Identity-Based Microsegmentation Guide
LAST UPDATED: November 8, 2021

Advanced options

NOTE

When you do change any configuration, run doit again. It will analyze what needs to be updated or not given the changes made.

Enable policy engine v2

By default to maintain backward compatibility with old enforcers the policy engine starts as version 1 (v1). To use the new network rulesets with new enforcers you need to toggle the engine to use the v2 policy engine as follow:

set_value global.defaultNetpolicyRendererVersion v2 override

Proxy

If your outbound Kubernetes connections are going through a proxy, you will need to configure the following:

set_value global.proxy.enabled true
set_value global.proxy.http http://proxy:port
set_value global.proxy.https https://proxy:port

Private registry

Create a secret as per Kubernetes documentation then add its name to the configuration as follow:

set_value 'global.imagePullSecrets[0].secret' <secret-name>

SMTP

Run the following commands to configure SMTP.

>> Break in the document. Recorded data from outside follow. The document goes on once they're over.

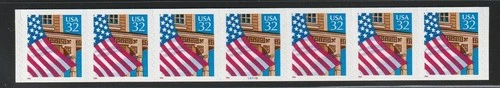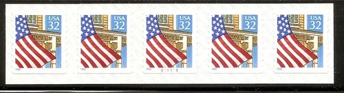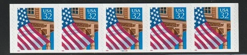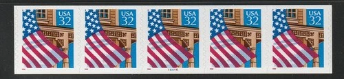 US Scott 2915 32c Flag Over Porch PNC strip of 5, plate number V11111
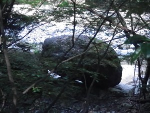 | 黒金尾根コースへ | 橋の下を歩く | 岩がつるつるしてそうだ |
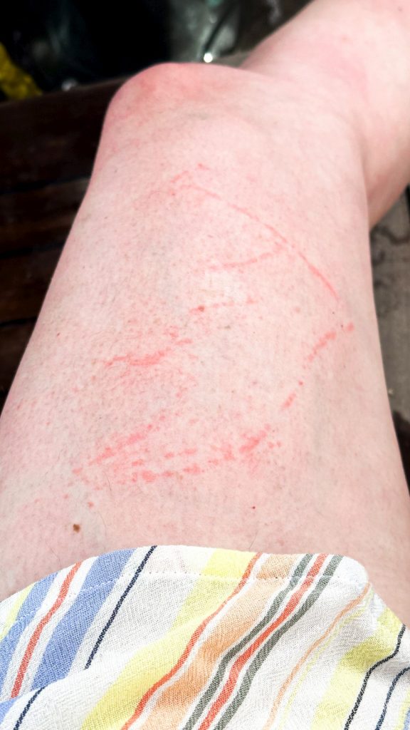 Jelly fish! I’ve only had problems with the Portuguese Man-o-war and I’m REAL careful now.
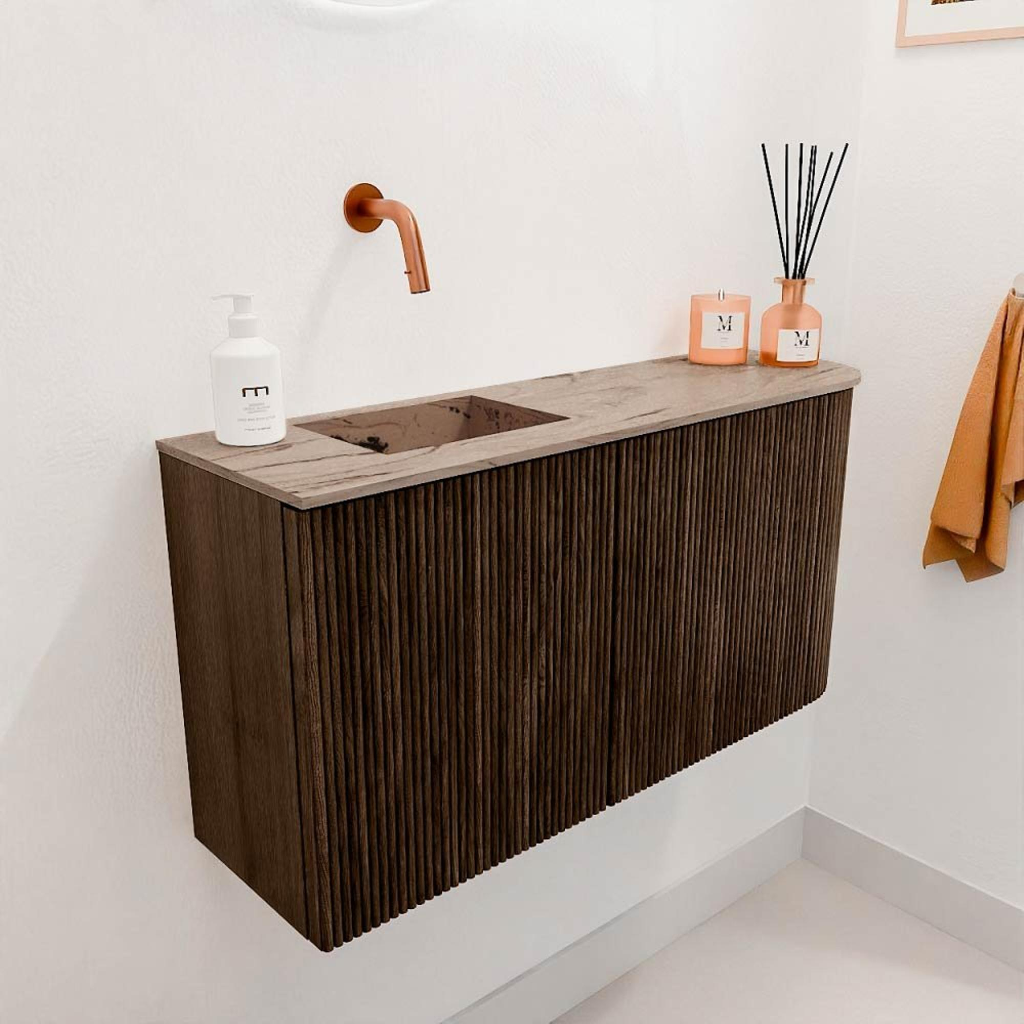Mondiaz JOYA-DLUX 81.6cm toiletmeubel - ronding rechts kleur Walnut - Wastafel FAYE positie Links Zonder kraangat kleur Arena.
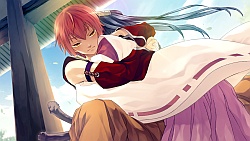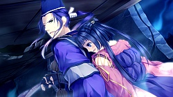 Genshin – Genshin is a teacher for small children in the village. He’s like the older nice guy type, but because he’s voiced by Inoue Kazuhiko that adds like 20 years to his age and frankly I felt like I was doing some ossan route :(. In this route, the plot ends up being that the bad guys kidnap some of the kids that Genshin teaches. During battle with the burly guy, everyone finds out that Genshin can read people’s thoughts. All the parents of the captured kids are now shocked and feel betrayed by him. They yell at him and call him a monster and tell him to stay away from the children. After the bad guy leaves, Genshin and Sayuki leave the raging villagers and that night he tells her a story of his past. When he was younger, in his village someone was stealing food. He used his powers to find out who it is, and told the guy to stop it and that he wouldn’t tell anyone…cause all he wanted to do was make the village peaceful again. Sadly the guy was a dickface and told everyone about Genshin’s powers and then lied saying Genshin used the powers to “control” people to steal the food. The villagers then ganged up on the poor guy and kicked him out of the village. (´・ω・`;) So from that day on Genshin tried to live with his eyes closed as much as he could so that he wouldn’t use his powers. He came to this village and decided to be a teacher, and despite Izumi & Seimei knowing about his powers, they still accepted him. Sayuki tells him that he’s not a monster and that he’s a very nice guy but then she also finds out that he cannot read her thoughts, possibly because of the way Seimei created her. So then at this point Izumi informs us that #1 & #2 are mia, Seimei’s also MIA along with Raikou and the sacred sword. Guess they’re all doing their uh..route businesses? 😆 The next day Sayuki tries to comfort a sad Genshin and he tells her that he’s no longer needed in this village as the children now have a substitute teacher.He goes on to further say that once the sacred sword mission is over, he will leave the capital.
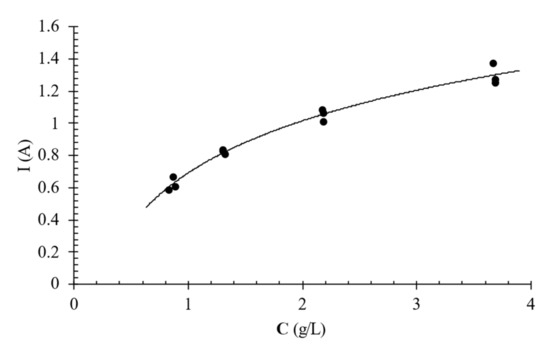 For each data set on Figure 2b, the abscissa of the minimum point was determined from which the limiting current was calculated. The values thus determined are shown as a function of acid concentration in Figure 3. The maximum Ilim value determined was 1.3 A at a concentration value of 3.7 g/L. For higher acid concentration values, it was not possible to find the limiting current intensity because the corresponding data did not show a relative minimum point on the Cowan and Brown diagram. However, it can be stated that the limiting current for higher concentrations is definitely greater than 1.3 A. Since the acid concentration did not drop to values below 3.7 g/L during the desalination tests, currents lower than 1.3 A were applied in the range of 0.5–1 A as a precaution.
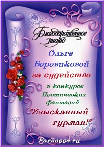 Позвольте Вас от всей души поблагодарить за участие в юбилейном конкурсе, за великолепные поздравления и пожелания нашему "Парнасу", разменявшему уже третий год – серьезный возраст по мерам Интернета! Очень признательны за Ваши прекрасные слова, желаем Вам всех-всех благ в будущем и новых высот в творчестве! Спасибо!
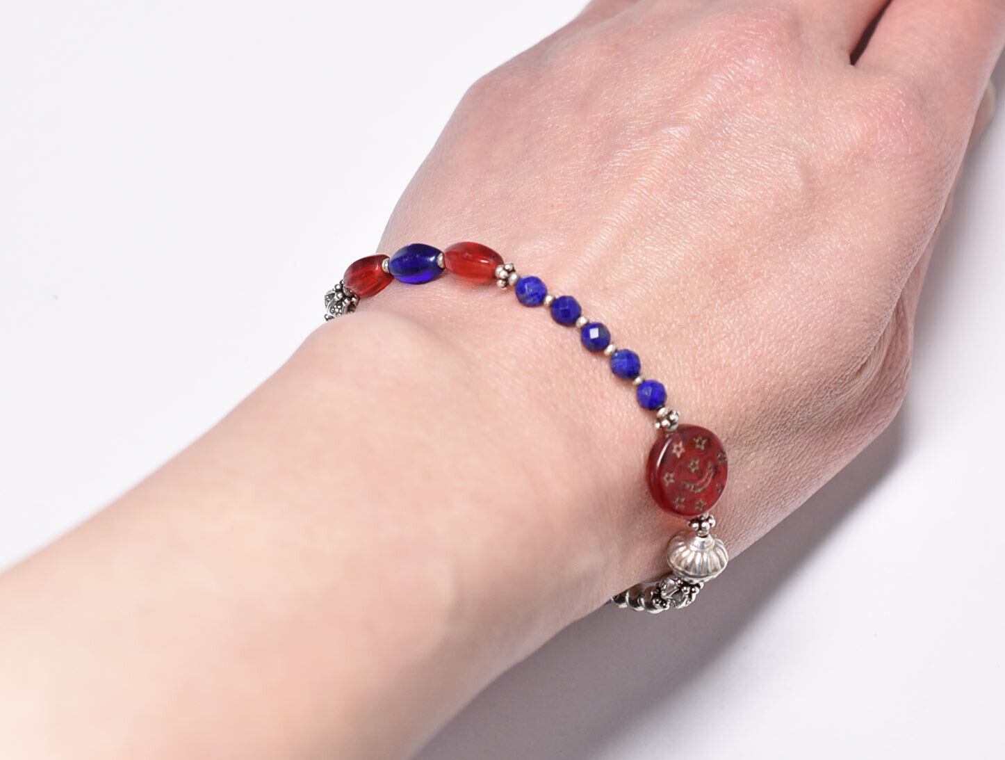 真っ赤なアンティークボヘミアビーズとラピス、カレンシルバーのブレス

set_value integrations.smtp.enabled "true"
set_value integrations.smtp.server "smtp.gmail.com:587"
set_value integrations.smtp.user "user@domain.com"
set_value integrations.smtp.pass "secret"
set_value integrations.smtp.systemEmail "aporeto@domain.com"
set_value global.integrations.smtp.receivers.invitation "registration@domain.com"
set_value global.integrations.smtp.receivers.monitor "alerts@domain.com"
set_value immediateActivation false vince override

NOTE

Once you create an account you can disable further account creation by setting set_value disableAccountCreation true vince override and running snap -u vince --force.

Slack alerts

You can configure alerting through Slack as follows (if you have the monitoring stack deployed):

set_value global.integrations.slack.webhook <web_hook>
set_value global.integrations.slack.channel <channel>

Proxy protocol

If you are using an AWS elastic load balancer or an ingress controller and want to leverage the client IP preservation to restrict the authorization policies using subnet, you can enable proxy protocol as below:

# From your voila environement
set_value proxyProtocol.enabled true wutai override
set_value proxyProtocol.subnet 10.0.0.0/8 wutai override
set_value proxyProtocol.mode aws wutai override

AWS network load balancer

If you want to use an AWS network load balancer:

# From your voila environment
set_value 'serviceAnnotations."service.beta.kubernetes.io/aws-load-balancer-type"' "nlb" wutai override

Restrict network access to services

If you want to mitigate any lateral movement from code that can run from the services you can restrict what they can access to:

# Put network restriction on services
set_value 'networkRestrictions.excludedNetworks[0]' 127.0.0.0/8 squall override
set_value 'networkRestrictions.excludedNetworks[1]' 192.168.0.0/16 squall override
set_value 'networkRestrictions.excludedNetworks[2]' 10.0.0.0/8 squall override
set_value 'networkRestrictions.excludedNetworks[3]' 169.254.0.0/16 squall override
set_value 'networkRestrictions.excludedNetworks[4]' 172.16.0.0/12 squall override
set_value 'networkRestrictions.authorizedTLDs[0]' .highwind squall override

set_value 'networkRestrictions.excludedNetworks[0]' 127.0.0.0/8 cactuar override
set_value 'networkRestrictions.excludedNetworks[1]' 192.168.0.0/16 cactuar override
set_value 'networkRestrictions.excludedNetworks[2]' 10.0.0.0/8 cactuar override
set_value 'networkRestrictions.excludedNetworks[3]' 169.254.0.0/16 cactuar override
set_value 'networkRestrictions.excludedNetworks[4]' 172.16.0.0/12 cactuar override
set_value 'networkRestrictions.authorizedTLDs[0]' .highwind cactuar override

set_value 'networkRestrictions.excludedNetworks[0]' 127.0.0.0/8 sephiroth-worker override
set_value 'networkRestrictions.excludedNetworks[1]' 192.168.0.0/16 sephiroth-worker override
set_value 'networkRestrictions.excludedNetworks[2]' 10.0.0.0/8 sephiroth-worker override
set_value 'networkRestrictions.excludedNetworks[3]' 169.254.0.0/16 sephiroth-worker override
set_value 'networkRestrictions.excludedNetworks[4]' 172.16.0.0/12 sephiroth-worker override
set_value 'networkRestrictions.authorizedTLDs[0]' .highwind sephiroth-worker override

Please adapt subnets according to your infrastructure.

Advanced settings

You can leverage the cheval tool to get more details about the settings you can change ex: cheval inspect mongodb-shard.

Please not that those are advanced settings. Be sure that you know what you are doing.